* **TASK STATEMENT**: Repeat, line for line, only the span that opens at the "The Never Fully" line and closes at the final line below. Skip the pictures.

* **DATASET EXTRACT**:

===============

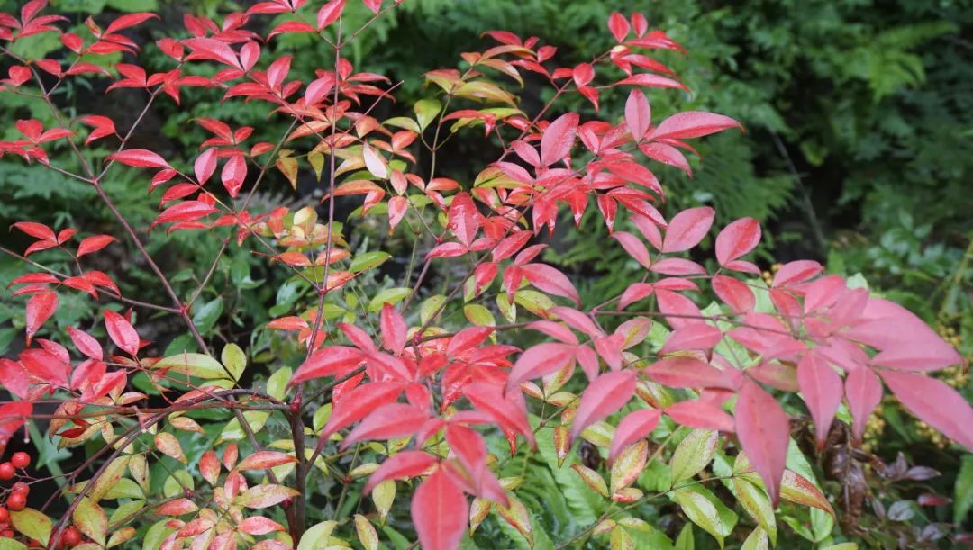 南天竹 Nandina domestica,小檗科南天竹属常绿灌木,又称天竹、红杷子、天烛子、红枸子等,分布于华东、华中、华南、西南等地。上海植物园内多处栽培,现正值果期,鲜红似火。小檗科的植物多含小檗碱等有毒物质,切勿食用。
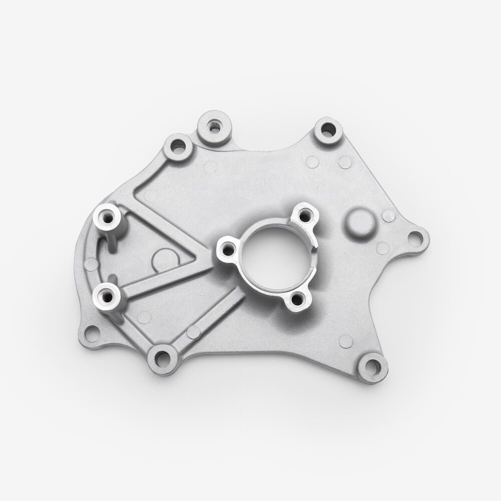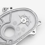 The crankcase in a motorcycle houses the engine's internal components on the side, including parts of the crankshaft, transmission, and oil pump. It provides structural support, protects these components, and ensures proper alignment and lubrication within the engine.
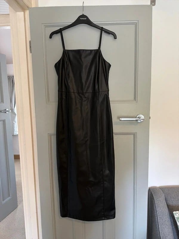 The Never Fully Dressed Black Faux Leather Midi Dress is available in sizes S.
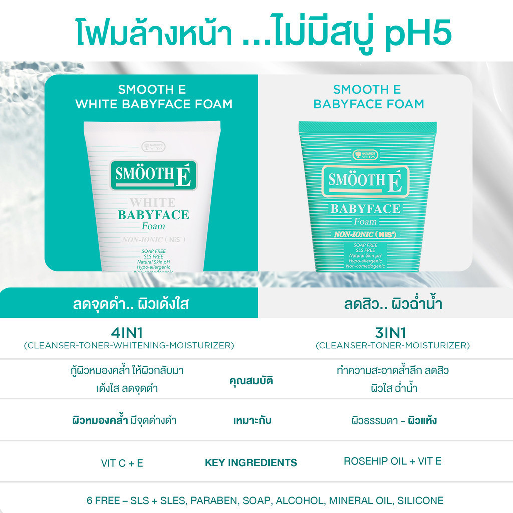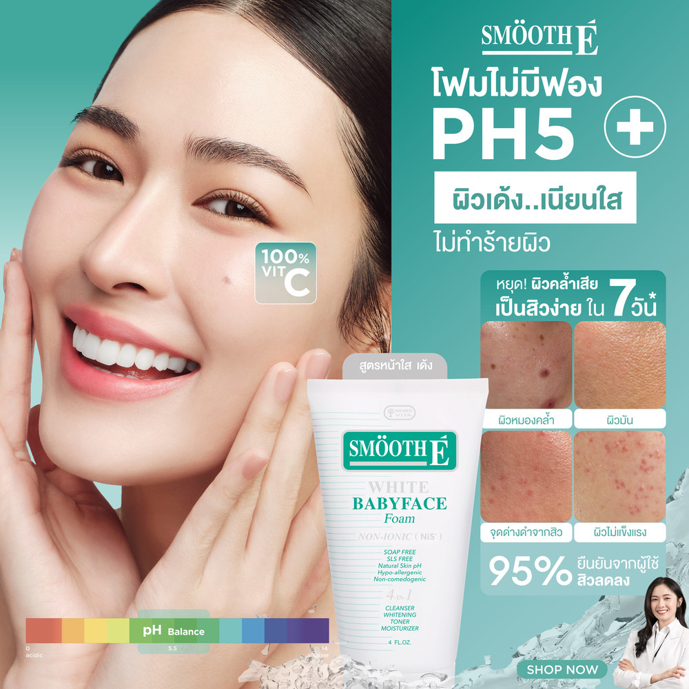 Smooth E White Babyface Foam 1 Oz. Baby Face pH5 Vit C&E Brightening Skin For Dull

===============

* **PROBLEM SOLUTION**:
 The Never Fully Dressed Black Faux Leather Midi Dress is available in sizes S.
 Smooth E White Babyface Foam 1 Oz. Baby Face pH5 Vit C&E Brightening Skin For Dull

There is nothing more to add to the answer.